The Single Biggest Sign of Spiritual Maturity (Do You Know What it Is?)

“You two are real Christians, aren’t you?”

The question took JP and me by surprise. I mean, how do you answer a question like that?

Behind the question laid an implication: some people aren’t real Christians. Or, at least, some people don’t seem like real Christians.

JP and I eyed each other before we answered in unison.

“Well…yes.”

But we couldn’t just let the conversation end. It’s not every day someone jolts you with a wake-up call about how you’re faith is perceived–and why.

So, we followed up with a question of our own. “What makes you think we’re real Christians?

We felt certain the young man’s answer would give us more insight than a year full of sermons.

Now it was his turn to be a little shocked. He furrowed his brow as if to say, “Don’t you already know?”

His answer, it turns out, is the single biggest indicator of a person’s spiritual maturity.

But before I reveal what it is, what do you think it is?

  • Daily prayer?
  • Consistent quiet times?
  • Helping the poor?
  • Bible knowledge?
  • Church involvement?
  • Sharing your faith?

These things are good, of course, but none is the most telling sign of spiritual maturity. Truthfully, it’s possible to practice the right spiritual habits, yet remain as spiritually authentic as a doorknob.

Unsurprisingly, none of these things led the young man standing in front of us to conclude we were real Christians.

So what was it?

He stated simply,

“It’s how you treat each other.”

 And just like that, there it was; the reason people believe our faith is real.

Or not.

I’ll be the first to confess (and my family would confirm) that my actions don’t always align with my faith. I’m as flawed as anyone alive. In many ways, more.

Still, the young man’s words ring true. His observation echoes the words of Jesus.

“By this, all people will know that you are my disciples if you have love  for one another.” John 13:35.

The single biggest indicator of our spiritual maturity is how we treat each other. Click To Tweet

The most spiritually mature person in your church may not be the person who knows the Bible best, or the one who’s been a Christian longest, or the one who is most involved. You’ll know a spiritually mature person by how they treat others.

And if you want to gauge the maturity of your own faith, it’s simple, really: Examine how you treat others.

Not the way you wish you treated others. Or the way you know you should treat others. Instead, consider the way you actually treat others.

I know. I know. This is a convicting truth for all of us–me included.

Some of us have fallen into the unhealthy habit of treating those around us in ways that are less than loving. And worse, we justify it! This is the very picture of emotional and spiritual immaturity.
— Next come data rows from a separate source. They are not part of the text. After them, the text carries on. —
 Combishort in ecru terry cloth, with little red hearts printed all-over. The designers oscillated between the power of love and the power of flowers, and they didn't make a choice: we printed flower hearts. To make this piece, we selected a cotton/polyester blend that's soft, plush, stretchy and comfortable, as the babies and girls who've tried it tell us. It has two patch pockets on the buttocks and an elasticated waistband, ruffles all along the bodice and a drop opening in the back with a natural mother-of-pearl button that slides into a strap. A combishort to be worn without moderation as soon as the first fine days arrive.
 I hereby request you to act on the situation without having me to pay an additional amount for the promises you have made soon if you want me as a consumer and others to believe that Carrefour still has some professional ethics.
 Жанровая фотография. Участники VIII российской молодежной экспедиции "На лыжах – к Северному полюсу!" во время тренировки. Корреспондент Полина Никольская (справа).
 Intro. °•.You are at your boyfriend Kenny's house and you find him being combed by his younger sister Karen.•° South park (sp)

But bad habits can be broken.

Love is like riding a bicycle. Once you know how, you never really forget.

But how? How do we stop being harsh and start being kind? How do we stop speaking words that hurt and start speaking words that help?
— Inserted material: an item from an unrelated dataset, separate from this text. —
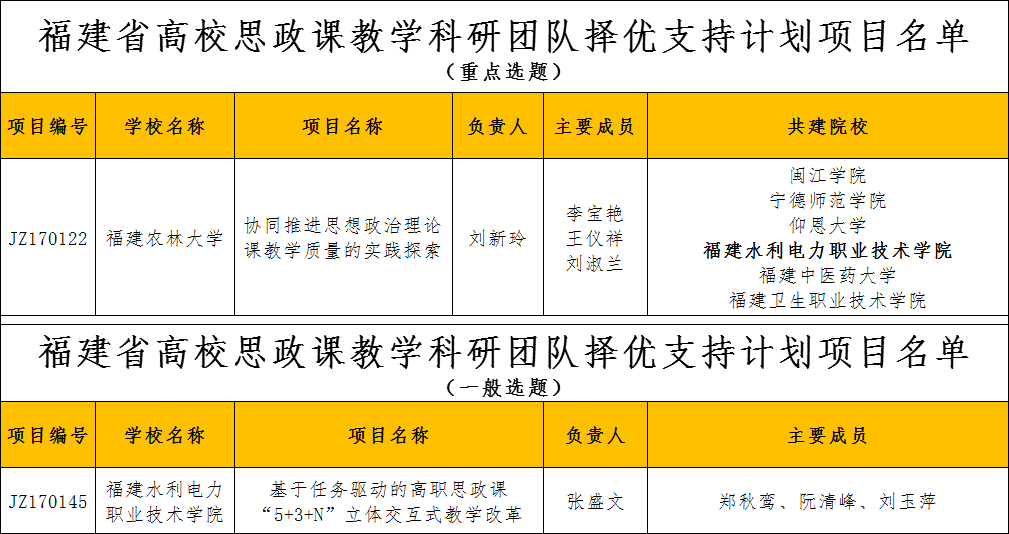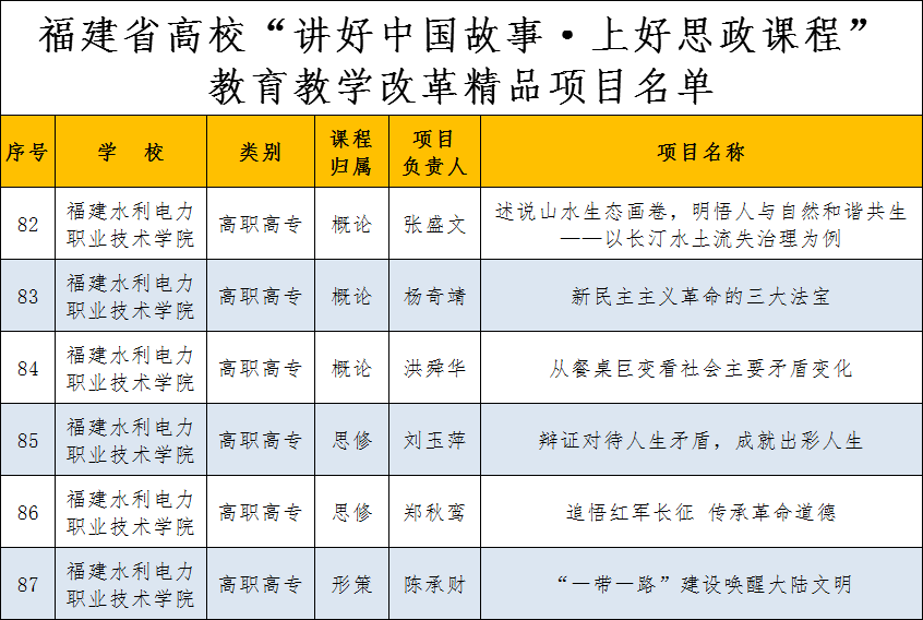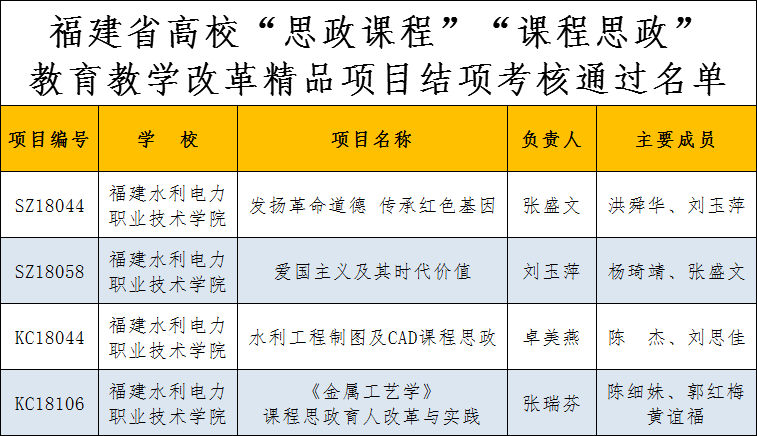 据《中共福建省委教育工委关于持续推进“讲好中国故事·上好思政课程”创优攻坚行动和思想政治理论课教学科研团队择优支持计划等工作的通知》(闽委教思〔2020〕6号)悉,我院有6个项目入选省高校“讲好中国故事·上好思政课程”教育教学改革精品项目名单,2个项目(其中1个为共建项目)入选省高校思政课教学科研团队择优支持计划项目名单,另有4个省高校“思政课程”“课程思政”教育教学改革精品项目通过结项考核。

How do we actually live like real Christians?

First, we must understand there is a one-to-one correlation between being loving and being loved. 

You’ve probably heard the phrase, “hurt people, hurt people”. But did you know the opposite is true?

Loved people, love people. 

The sad reality of our culture is that millions of people don’t feel loved–largely because they haven’t been loved. Just today I heard Dr. Jill Hubbard on New Life Live! say, “a large percentage of our population has never had a single redemptive relationship in their entire life”.

Not one. 

But you, my sweet friend, have. You are loved. (Yes, you.)  Don’t take my word for it; God said so. Just in case you have a hard time embracing this reality, read the verses below. Insert your name whenever you see a pronoun like “you”, “we”, “us”, or “me”. Read them out loud if you can (I find the truths seep deeper into my soul when I say them out loud).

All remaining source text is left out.